# any tree frogs that dont make noise at night?



## creg (Jun 10, 2012)

ive read whites dont call much are there any others?

i fancy having a planted tree frog viv in my bedroom and dont want any noisy gits keeping me up all night.


----------



## colinm (Sep 20, 2008)

Female ones.


----------



## creg (Jun 10, 2012)

colinm said:


> Female ones.


so females of any species wont call? how easy are tree frogs in general to sex though whilst young?


----------



## Wolfenrook (Jul 2, 2010)

Some females do sometimes call briefly.

The only silent tree frog is a plastic one. 

If you want a quiet frog, you're wanting a dendrobates tinctorius dart frog.  They're not a tree frog though, and some consider them more difficult. I just consider them to require different care and a bit more work.

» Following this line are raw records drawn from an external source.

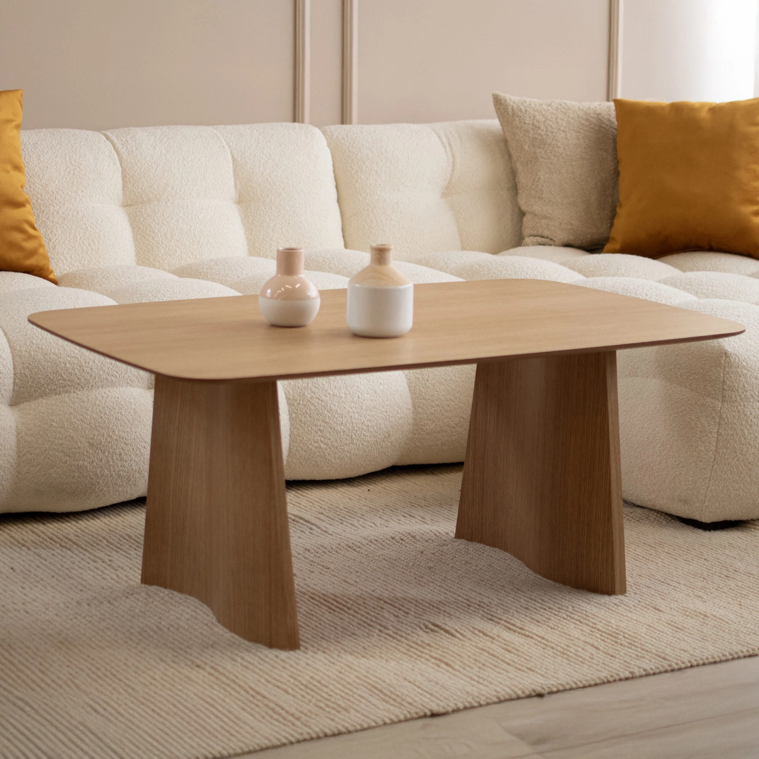 Kao i njegova trpezarijska verzija, „Sfera“ ima drvene noge nepravilnog, talasastog oblika, stvarajući upečatljiv vizuelni efekat i osećaj dinamičnosti. Ploča stola ima zaobljene uglove, što doprinosi mekom i harmoničnom izgledu.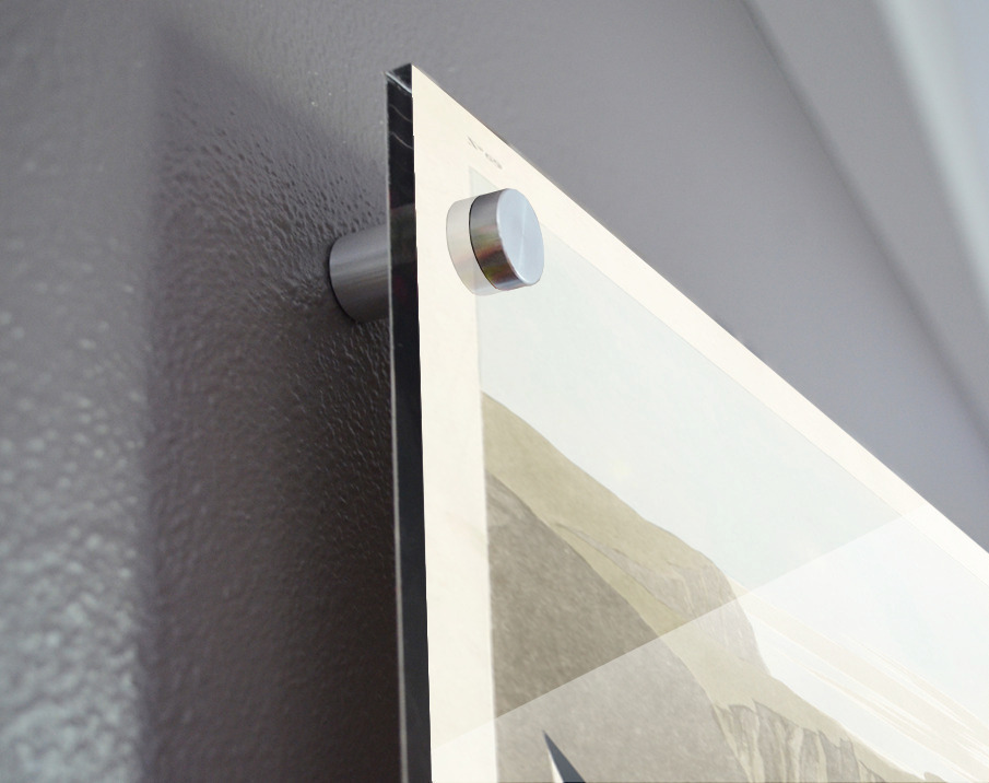 Printed to the edge - Ready to hang - provided with 4 premium polished aluminum stand off ( wall screws and mounting hardware provided ) We suggest a thicker 3/16" acrylic for any size over 42 inches to guarantee a straight acrylic, without curvature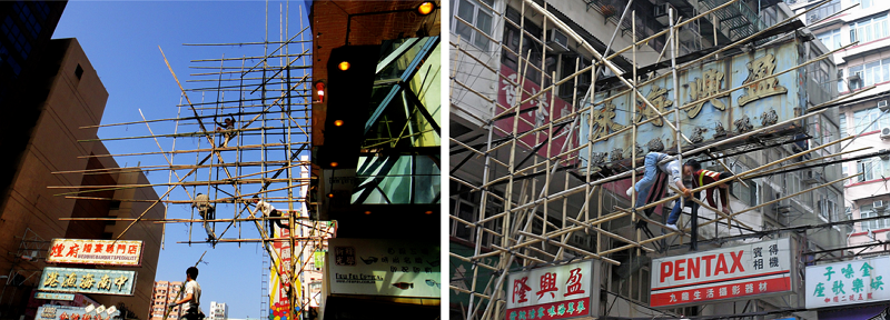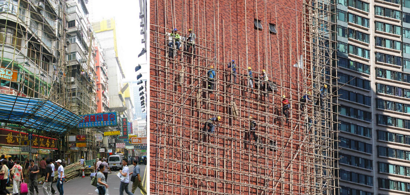 빼곡한 콘크리트 빌딩숲을 걷다 보면 건물 외벽에 긴 장대같은 대나무들을 엮어서 세운 구조물을 자주 볼 수 있다. 높게 세운 대나무들이 삐쭉빼쭉 튀어나와있는 걸 보면 아찔하기도 하고 혹여나 바람에 쓰러지지 않을까 걱정이 앞서곤 한다. 간혹 대나무 구조물 위를 자유롭게 오르락내리락하는 인부들을 보기라도 하면, 탄성이 나오기도 하면서 발을 헛디뎌 떨어지지는 않을까 걱정이 되어 마음이 콩닥콩닥 뛴다.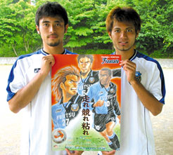 <<劇画調になってご満悦の箕輪選手・我那覇選手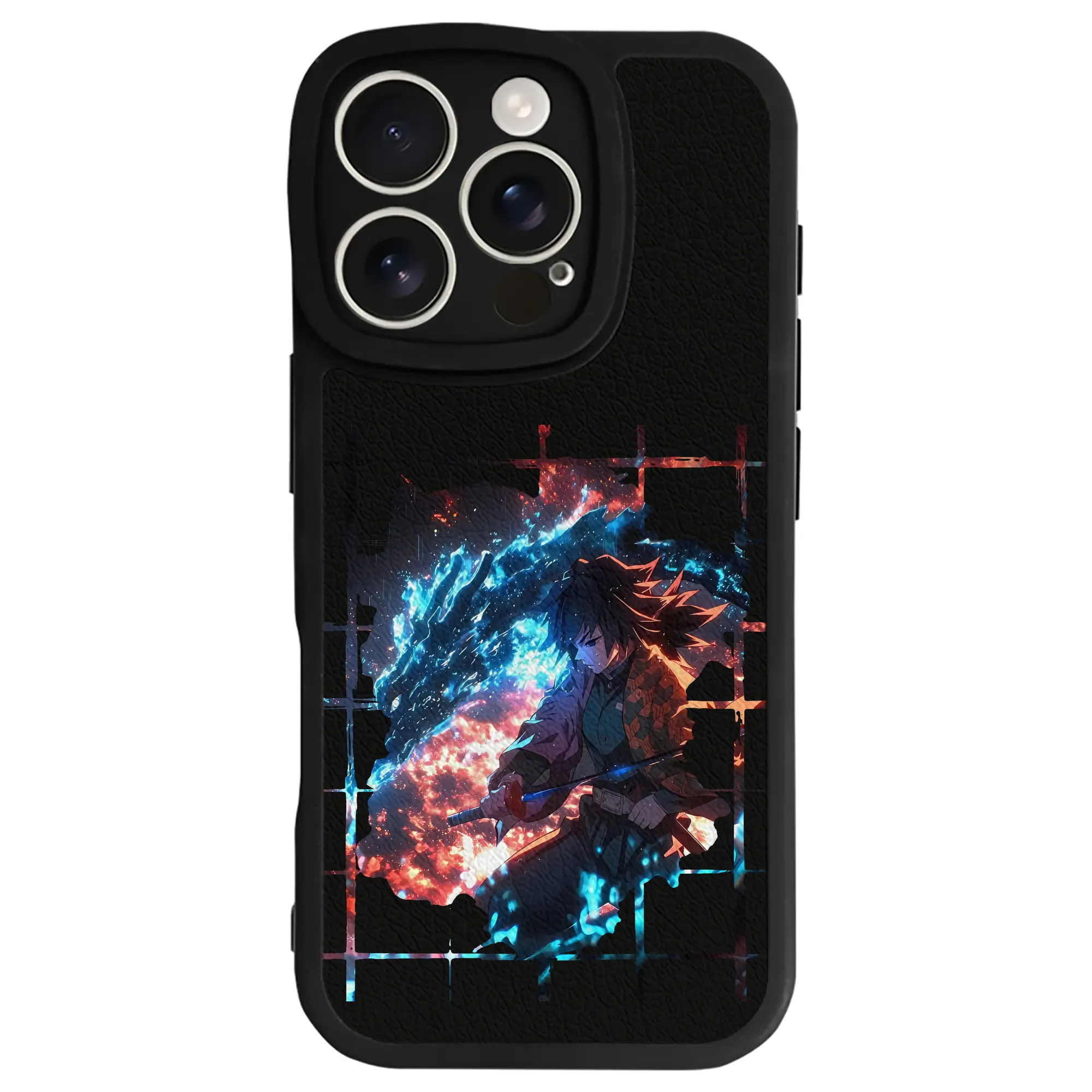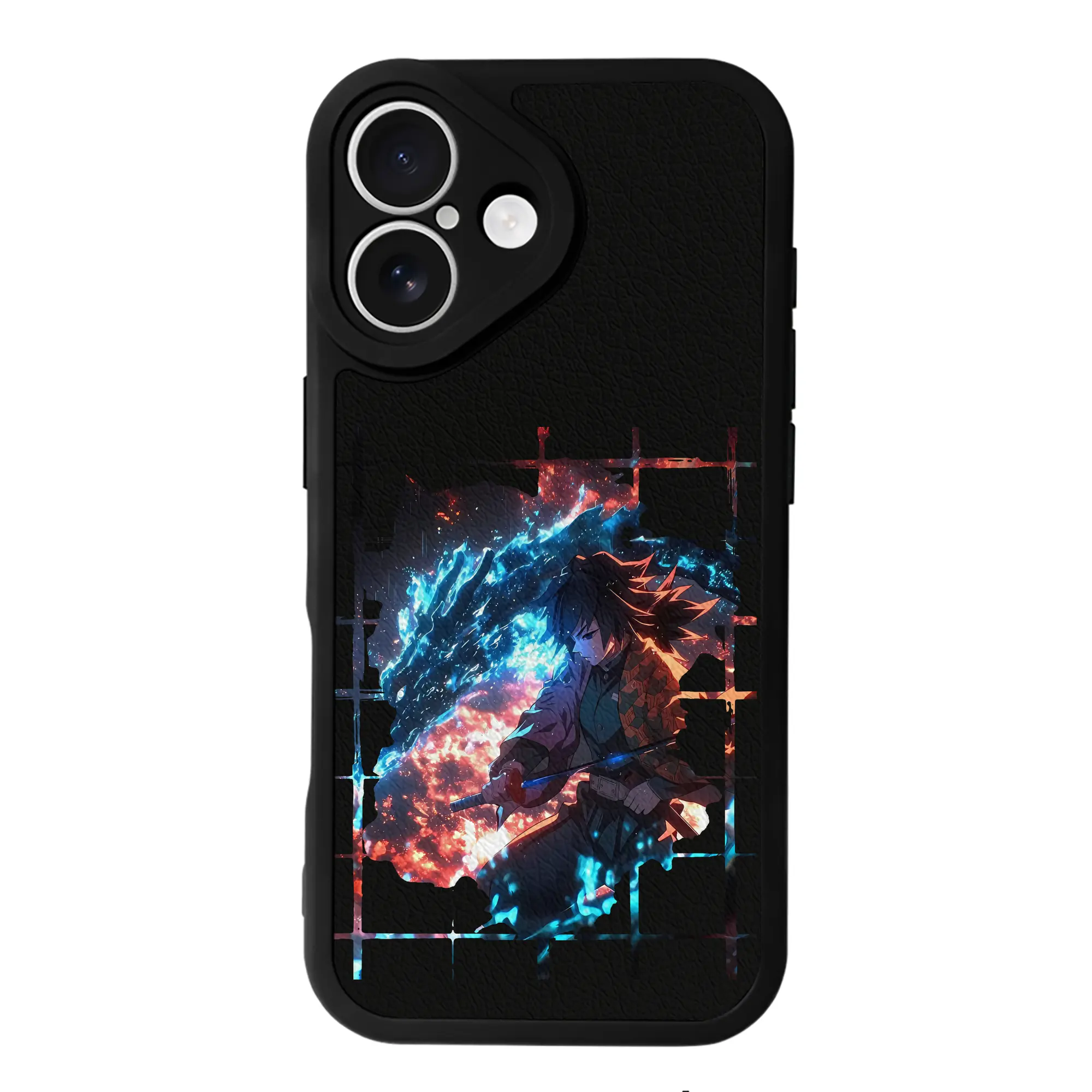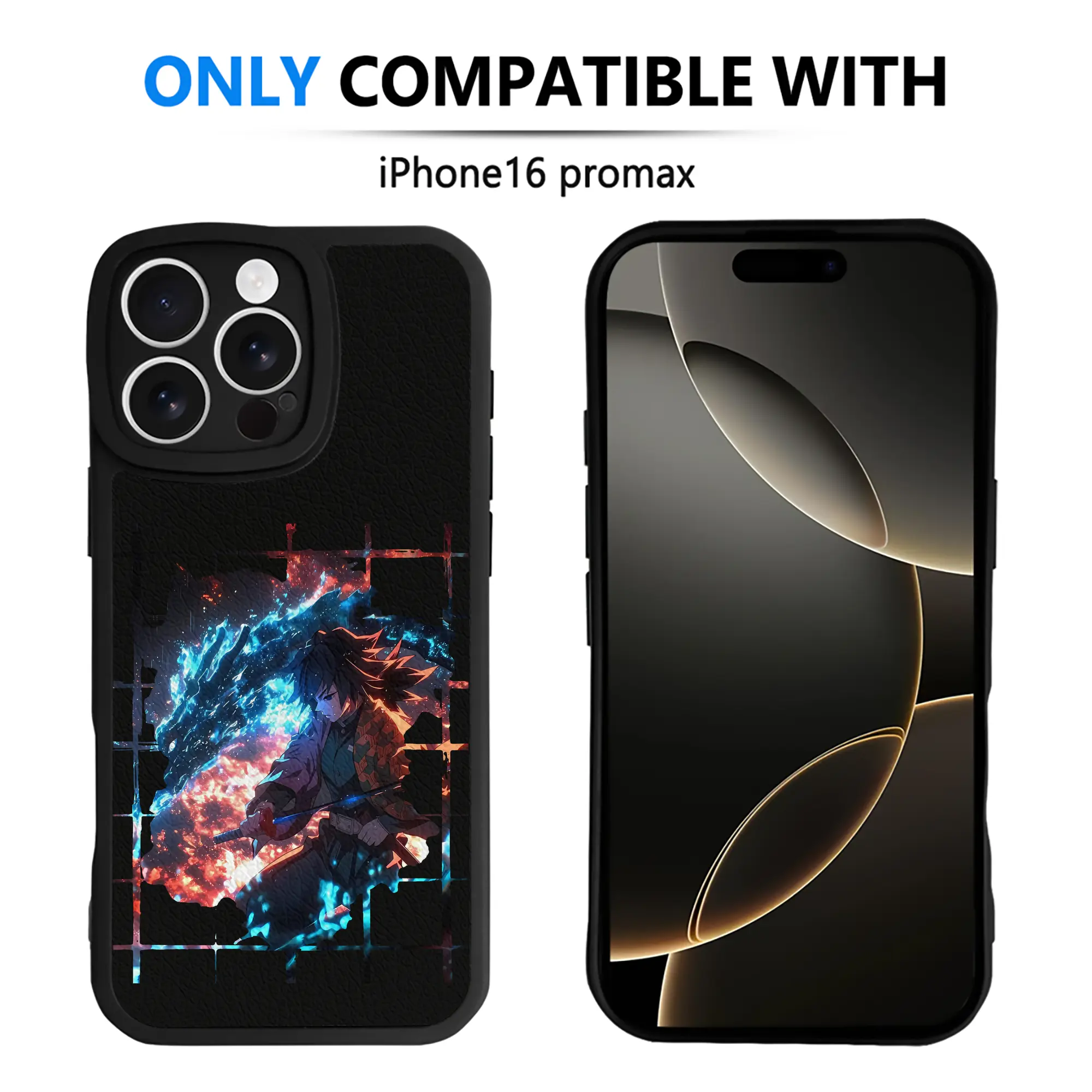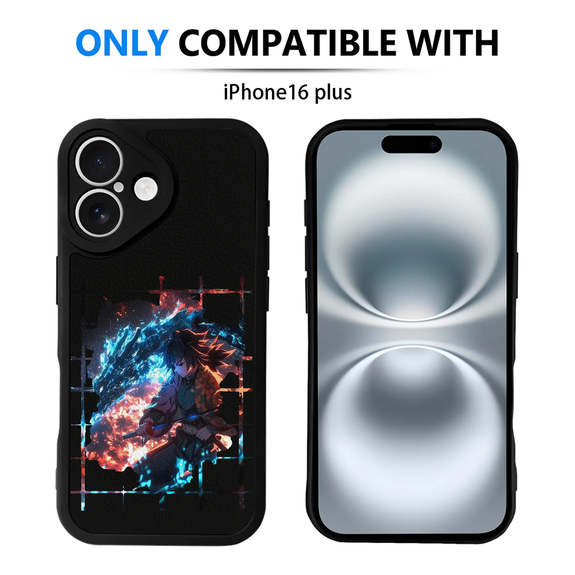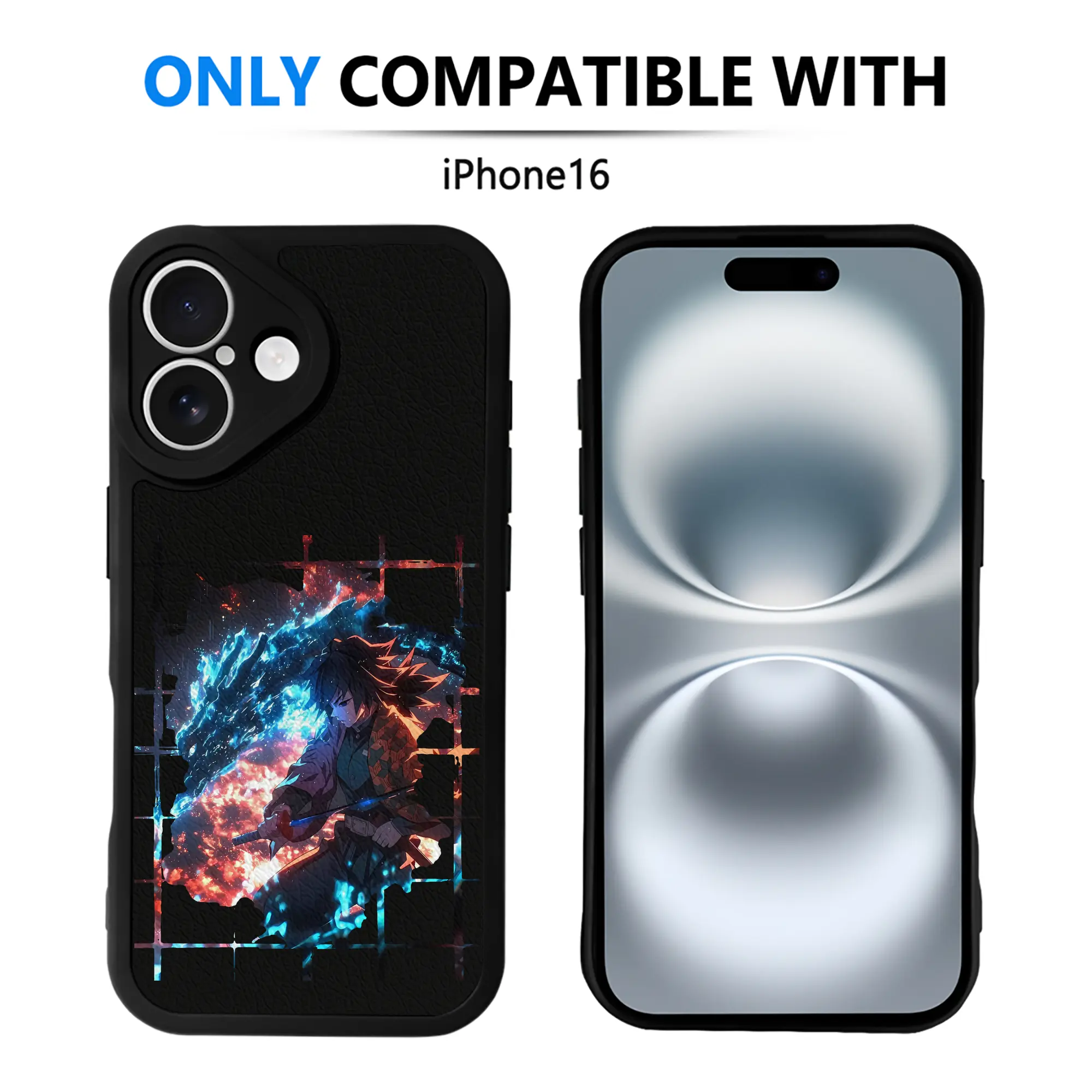 鬼滅の刃 グッズ,冨岡 義勇 - IPhone 16シリーズ対応 ・ シリコンスマホケース ・ レザー調 ・ 高精度フィット ・ 耐衝撃 ・ ワイヤレス充電対応 ・ 精密カット
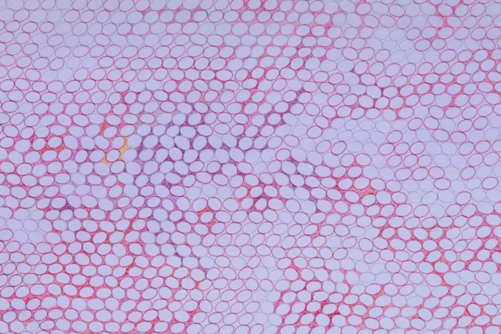 Desde o início de sua carreira, Lou forjou uma visão original infundida de feminismo, desafiando consistentemente e expandindo os limites entre as artes plásticas e aplicadas. Ela criou instalações figurativas do tamanho de salas, esculturas em cores vibrantes e telas minimalistas fascinantes, todas as quais tornam o trabalho radicalmente visível tanto nos registros formais quanto conceituais. Nos últimos quinze anos, a artista voltou seu foco para a abstração e processos repetitivos para se envolver com a história da arte, explorando o potencial conceitual e metafórico de certas dualidades persistentes, como presença e ausência, coesão e desintegração. Cada uma das obras em “Woven” destaca o envolvimento de Lou com a repetição e o foco, bem como sua profunda compreensão da materialidade. Em particular, suas pinturas e desenhos usam caneta e grafite para “tecer” estruturas semelhantes a tecido em uma tela plana, investigando a possibilidade do formato bidimensional para tornar visível o processo de pensamento dentro do trabalho repetitivo.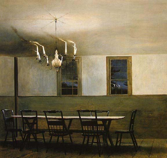 For those who don't know, the Wyeth family represents a legacy of great artwork. Beginning with the masterful storybook illustrations of Howard Pyle - his mentoring of and bequeathment of craft down to N. C. Wyeth - and on to his son, our present hero, and finally on to his son, James Wyeth.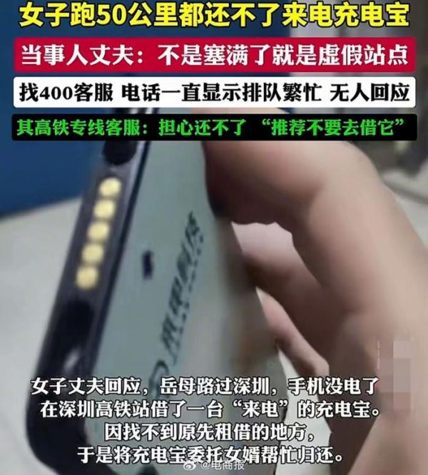女子称跑50公里仍还不了充电宝,质疑故意让人不能按时归还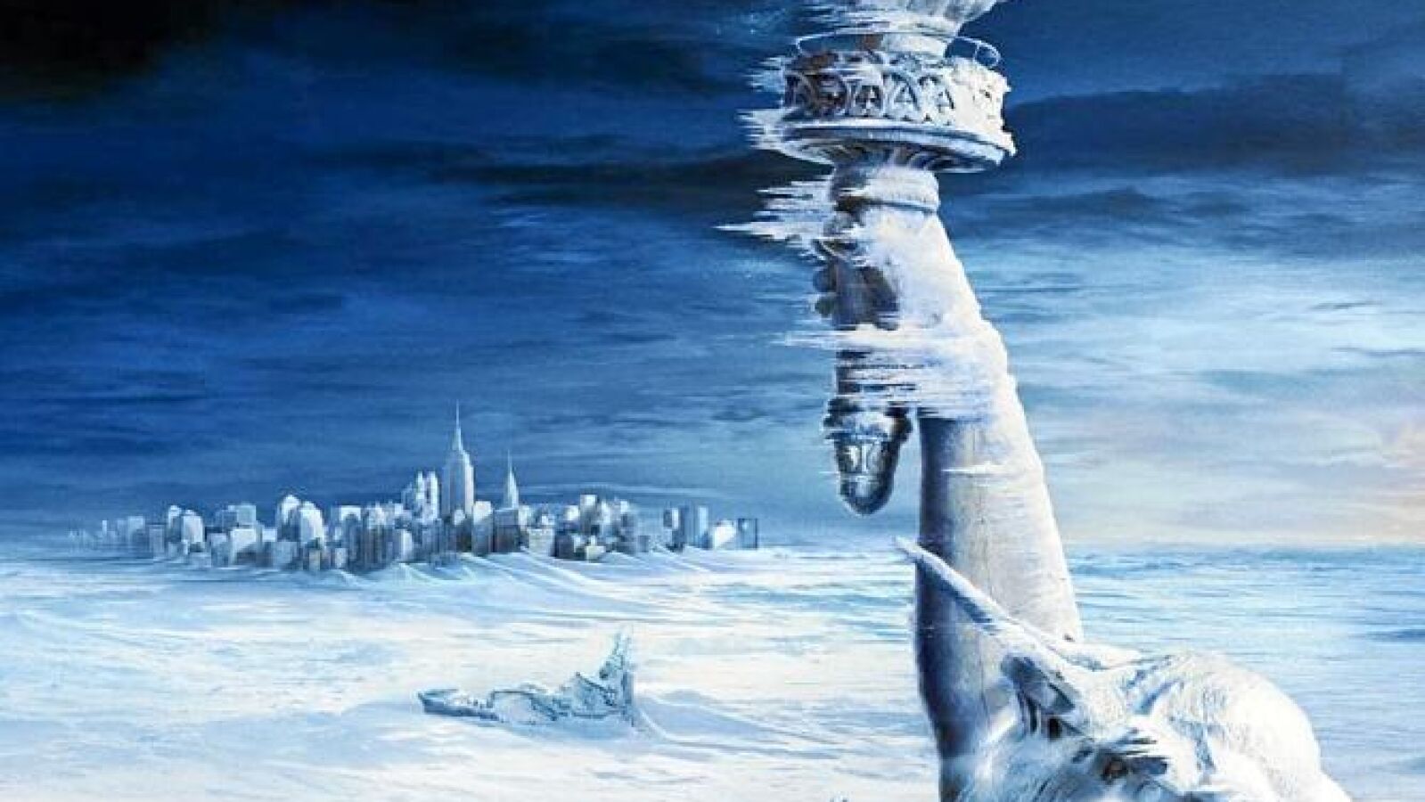 La primera vez que padeció a causa del cambio climático, con el que los ecologistas suelen amenazarnos periódicamente, fue en «El día de mañana» (2004), a causa de una tormenta y un monumental tsunami que inundan la megaurbe. La súbita bajada de temperaturas hace a los supervivientes patinar por la Quinta Avenida y contemplar estupefactos la Estatua de la Libertad asomar entre hielos polares.

White's call a LOT very very loudly, usually at around 3am. Whoever told you they don't call much clearly had earplugs in. lol

Ade


----------



## creg (Jun 10, 2012)

lol thanks im glad i asked on here. i did alot of googling and most people said whites only called when spraying the viv or hoovering, but ill take your word for it im not gonna risk it.

looks like some more darts then :2thumb: i like the look of Phyllobates Terribilis and Dendrobates auratus


----------



## Frogmad (Nov 10, 2008)

my whites shout at the weirdest things....tv theme tunes seems to be a fave at the min!!!!:lol2:


----------



## brysaa2 (Oct 11, 2009)

My male frog calls but not usually during the night. He's right by my bed and I've had them for over two years now, he's only ever woken me up twice. Mostly calls when the TV or another sound is present in the pitch of rival males calls - you can make him call early in the night and that's usually enough for him then ha. Talk about being lazy! :lol2:


----------



## ronnyjodes (Apr 29, 2011)

My whites go mental with calling in a morning when the family are up and about making a racket but quiet at night. I find it quite pleasant tbh :2thumb:


----------



## creg (Jun 10, 2012)

whites tree frogs sound very eccentric :lol2: i think ill give them a miss though i dont want to risk getting a noisy one. ill stick with darts.


----------